> [TO DO]
Leaving pictures aside, restate exactly the lines of the data below, from the first one through the line that contains "THIS IS ANOTHER TEASER AD".

> [MATERIAL FOR THE TASK]
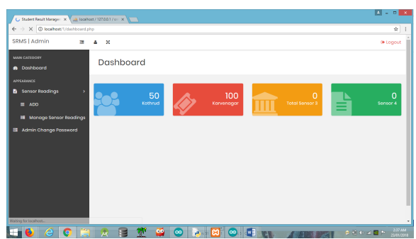
Fig4:- webpage displays condition of dustbin

Above result shows the interfacing of different hardware like IR sensors, motor, Wemos d1 mini, mouse and keyboard with Raspberry pi and the OS of Raspberry is, as shown in fig., running on the monitor.
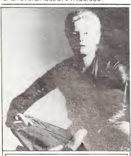
THIS IS ANOTHER TEASER AD

NEW YORK - The Capehart Corporation, manufacturer and distributor of home entertainment systems, announced unaudited results for the six months ending September 30, 1975, showing an increase in sales to $22,906,000 from $19,972,000 in the year ago períod. Capehart showed a six month net loss of $855,000 after deducting an extraordinary credit of $3,800,000 for an overall loss of $4,155,000
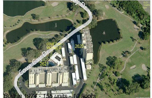
Built in 1974 - 155 units - 10 floors
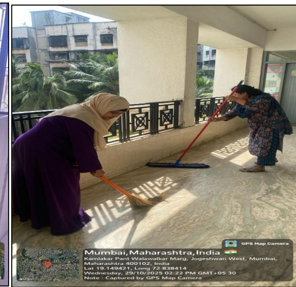
Mumbai, Maharashtra, India Kamlakar Pant Walawalkar Marg, Jogeshwari West, Mumbai, Maharashtra 400102, India Lat 19.149421, Long 72.838414 Wednesday, 29/10/2025 02:22 PM GMT+05:30 Note : Captured by GPS Map Camera
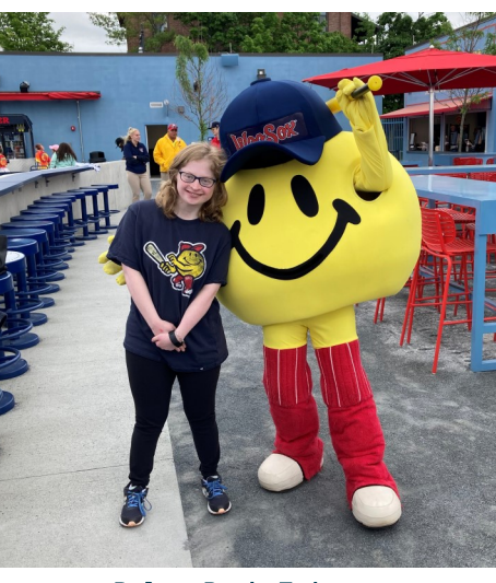
Polar Park Trip

Experience different locations in the greater Marlborough area while meeting new people and making friends. Bring your own spending money!
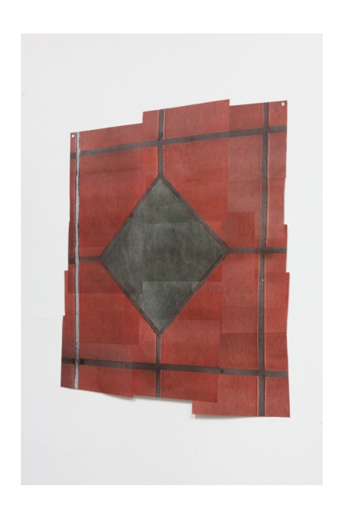
727 N Broadway, 2022 Inkjet prints 30 ½ x 28 ½ inches
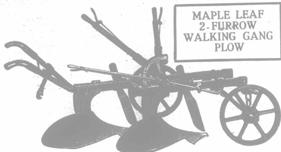
MAPLE LEAF 2-FURROW WALKING GANG PLOW

BY actual tests, in competition, this 2-furrow walking gang plow plowed two furrows 9 inches wide and six inches deep with but 25% heavier draft than a single-furrow walking plow, in the same soil and with the same horses and plowman. And it was heavy soil at that. To YOU this means that three horses and one man, with this plow, will do as much as four horses and two men with two one-share walking plows—and the plowing will be BETTER done, because only every other furrow is trod by the off-horse. That makes for easier harrowing and better tilth. On light soils TWO horses can do the work—the draft is so light.
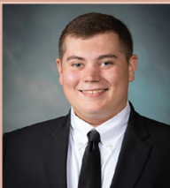
Second College Saint John Paul II College Seminary St. Patrick, Weston
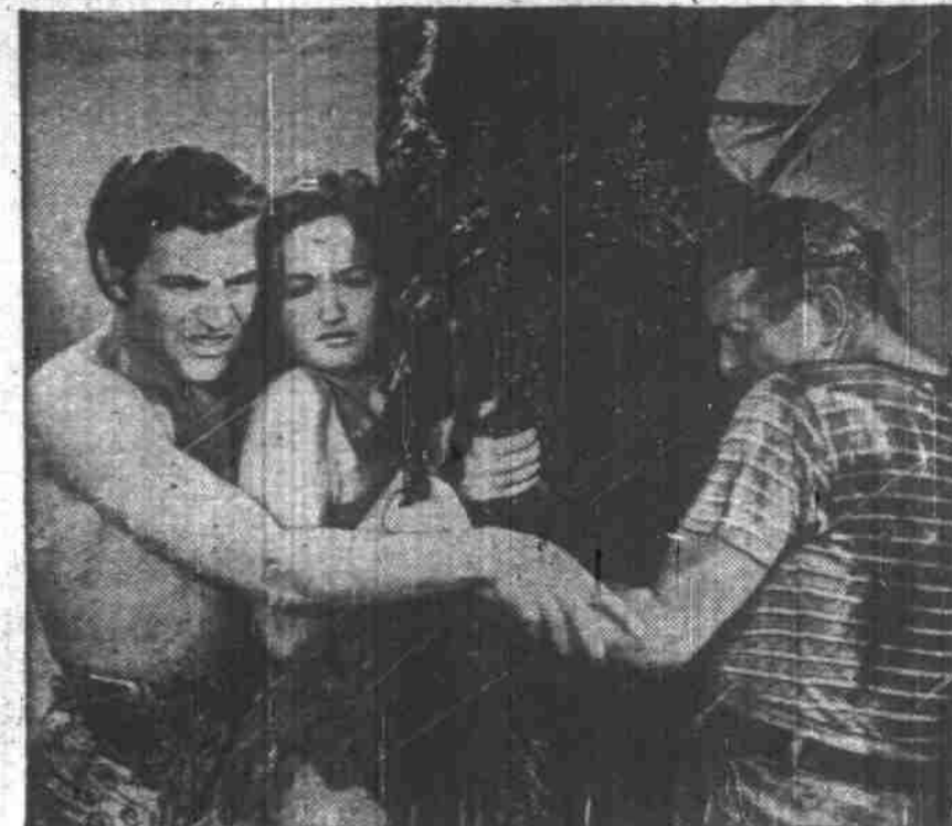
DOROTHY LAMOUR, Robert Preston and Lynne Overman in a scene from "Typhoon" now at the Elsinore plus Hugh Herbert in "La Conga Nights."

Edward Arnold created the character of Diamond Jim on the screen four years ago in the picture of the same name, and revived it for "Lillian Russell," which was directed by Irving Cummings. Gene Markey was associate producer.
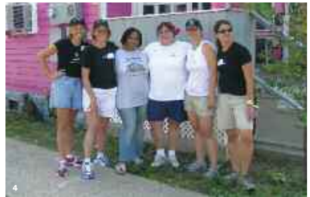
1 A participant enjoys the activities at the Hampden Health Fair. 2 The Larks perform for area children with Santa. 3 Training at a Board Retreat. 4 Rebuilding a Better New Orleans.
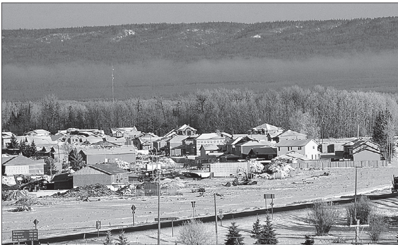
If Slave Lake residents want a rebuild then they will get it. By late November, the southeast part of the town was beginning to look a lot like pre-fire Slave Lake and not the dirt patch seen earlier in this review.
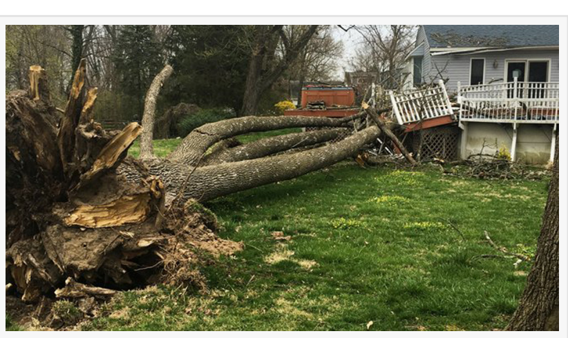
Dead Ash Trees can become brittle and dangerous.

The adult borers swarm the tree and lay eggs under the bark. Once the larvae emerge, they immediately start chewing their way through the wood of the tree. The veins in the grains of the tree allow water to flow through the tree, so when the larvae chew through the wood, they cut off water circulation. Additionally, the adult beetles create thousands of exit wounds as they leave the tree, further causing damage that dries out the tree.
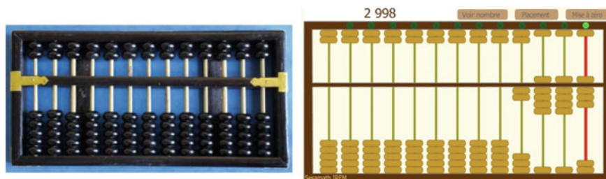
Fig. 2 The Chinese abacus, material (on the left), virtual (on the right) (Gueudet & Poisard, 2018)

classroom, because teacher design as an essential and continuous process takes place in class and out-of-class leading to associations among variables of Types C and D.
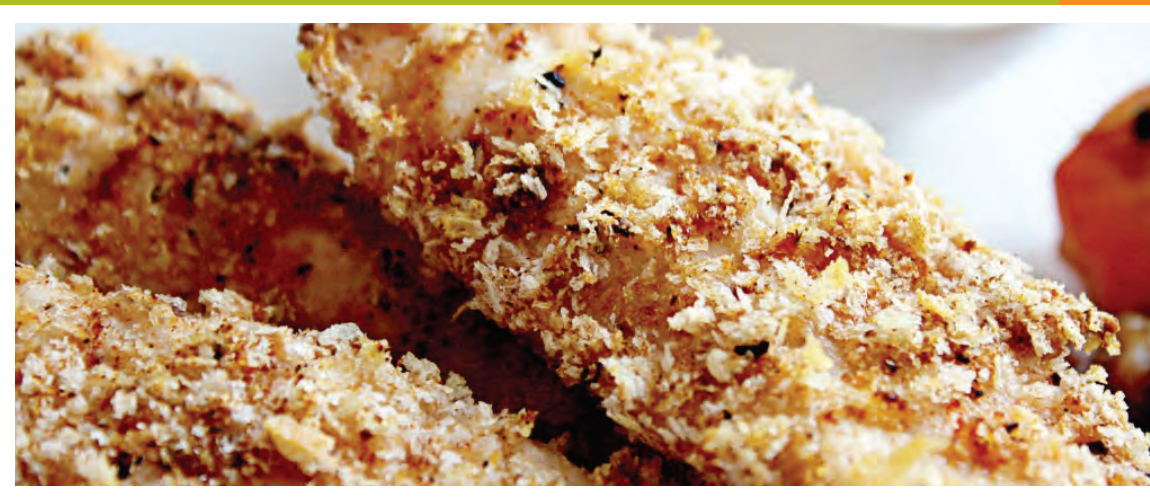
Chicken breasts dipped in an apricot and mustard sauce, then rolled in chopped cashew nuts for a wonderfully tangy, crunchy and easy-to-make chicken dish.
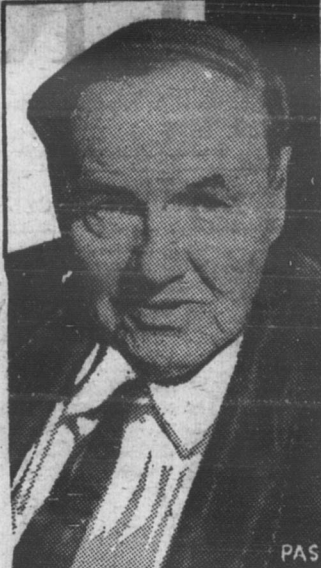
CHICAGO . . . On his 78th birthday, Clarence Darrow (above), noted criminal lawyer, talked on life, death and God. Long known as an agnostic, he reaffirmed his conviction that after life there is "nothing."
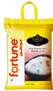
JUBILEE PACKING: 8x5KG
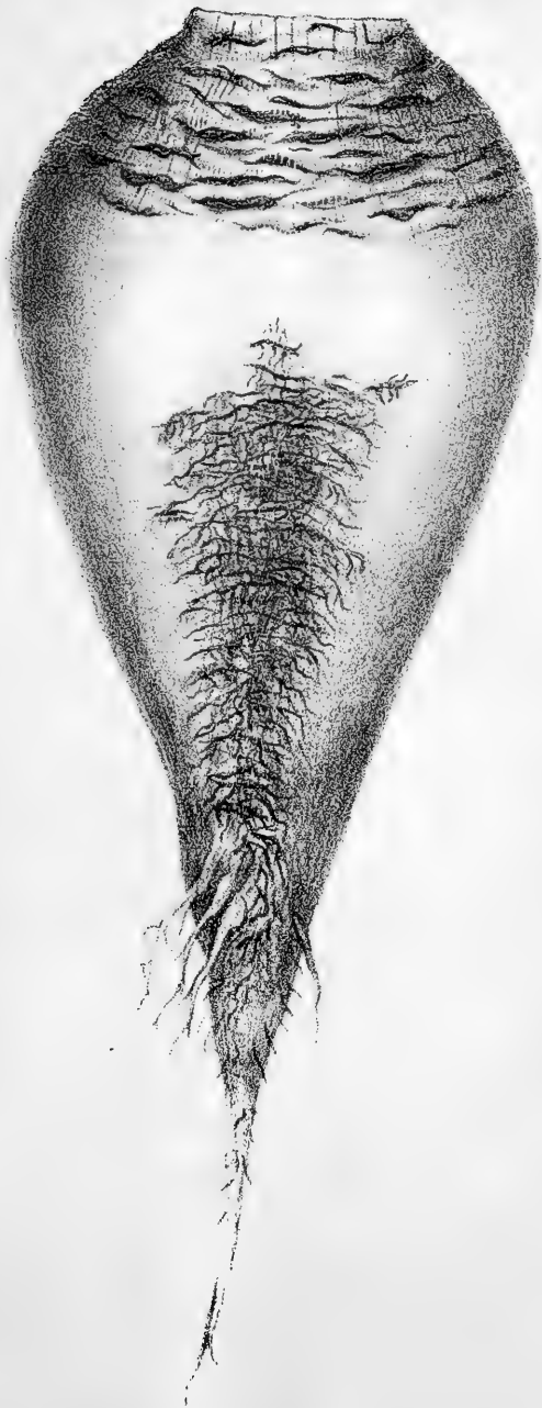
FRENCH VILMORIN SUGAR BEET
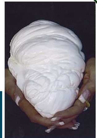
Lao Tzu - largest known pearl

surface, albeit very rarely. For instance, the Pearl of Lao Tzu is the largest known pearl in the world 5 . It is a clam pearl or "Tridacna pearl."
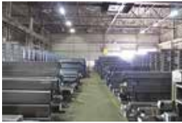
Hollow Structural Steel (HSS)
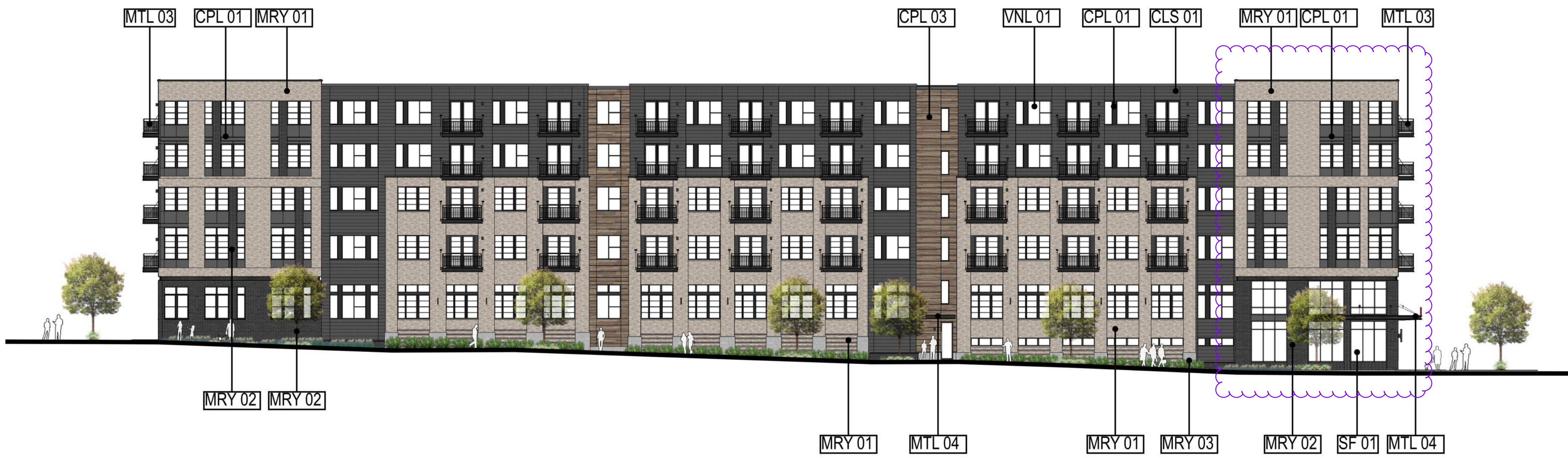
2 WEST ELEVATION - DIAMONDBACK DRIVE 1/16" = 1'-0"

JOB NUMBER: 193802 DRAWN BY: Author CHECKED BY: Checker
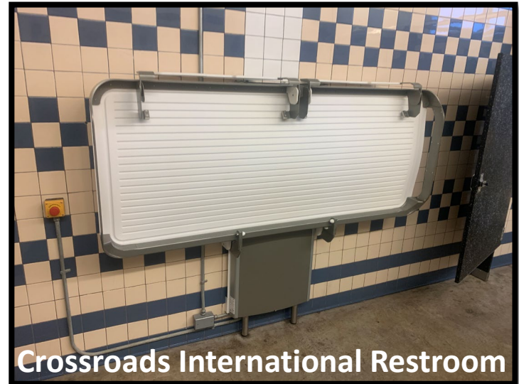
Crossroads International Restroom
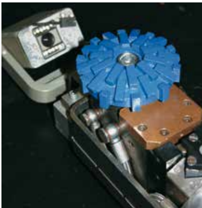
Milling robot DN 150 with panorama camera

The name "KA-TE" stands for the professional rehabilitation of sewer systems. DIRINGER & SCHEIDEL ROHR-SANIERUNG has been utilising this high-tech product for more than 20 years and is the major user worldwide because of the large number of robots in operation.
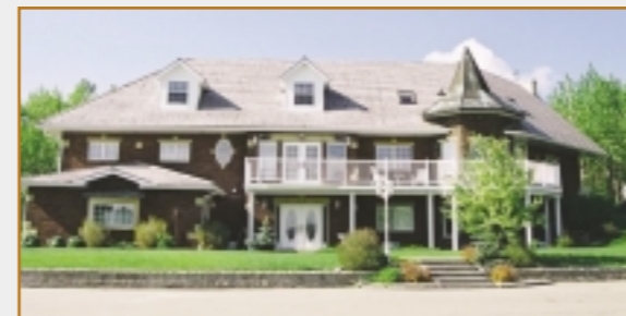
103 Nagway Court $995,000 Elegant Country Lifestyle Appeal

View interior photos at www.samsluxuryhomes.com

> [EXERCISE RESULT]
Fig4:- webpage displays condition of dustbin

Above result shows the interfacing of different hardware like IR sensors, motor, Wemos d1 mini, mouse and keyboard with Raspberry pi and the OS of Raspberry is, as shown in fig., running on the monitor.
THIS IS ANOTHER TEASER AD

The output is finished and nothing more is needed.